I am looking for methods to solve the following minimization. Let $A\in \mathbb{R}^{n\times k}$, $B\in \mathbb{R}^{n\times m}$, $C\in \mathbb{R}^{m\times m}$ and $E\in \mathbb{R}^{m\times k}$, where $n>m>k$. Additionally, $C$ is positive definite. $$G(d)=||A-B(C+\text{diag}(d))^{-1}E||^2_F$$ Is there any hopes of finding the positive minimizer (is there just 1?) $d\geq0$ of $G$ .

Answer 1

$ \def\R#1{{\mathbb R}^{#1}} \def\o{{\tt1}} \def\g{\gamma} \def\t{\times} \def\bR#1{\big(#1\big)} \def\BR#1{\Big(#1\Big)} \def\LR#1{\left(#1\right)} \def\op#1{\operatorname{#1}} \def\diag#1{\op{diag}\LR{#1}} \def\Diag#1{\op{Diag}\LR{#1}} \def\trace#1{\op{Tr}\LR{#1}} \def\frob#1{\left\| #1 \right\|_F} \def\qiq{\quad\implies\quad} \def\mt{\mapsto} \def\p{\partial} \def\grad#1#2{\frac{\p #1}{\p #2}} \def\c#1{\color{red}{#1}} \def\CLR#1{\c{\LR{#1}}} $Let's use a variable naming convention wherein an upper/lower letter denotes a matrix/vector and a Greek letter denotes a scalar.

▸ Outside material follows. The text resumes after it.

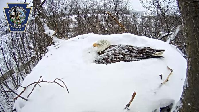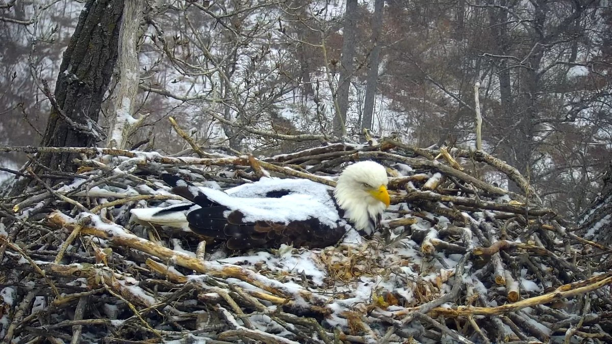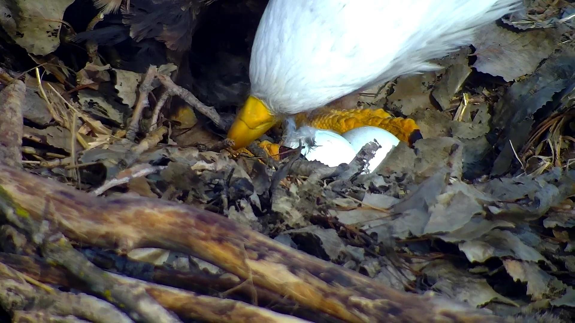 There could be more eggs to come. Image credit: Nongame Wildlife EagleCam, Minnesota Department of Natural Resources

Under this scheme, the only variable that needs to be renamed is $\,G\to\g$.

Also, to avoid confusion with differential operations, let's rename $d\to x.$

To enforce positivity, construct $x$ from an unconstrained vector $w$ $$\eqalign{ x &= \exp(w) \qiq x \ge 0 \\ dx &= x\odot dw \\ }$$ where $\exp(w)$ is applied elementwise and $\odot$ denotes the elementwise product.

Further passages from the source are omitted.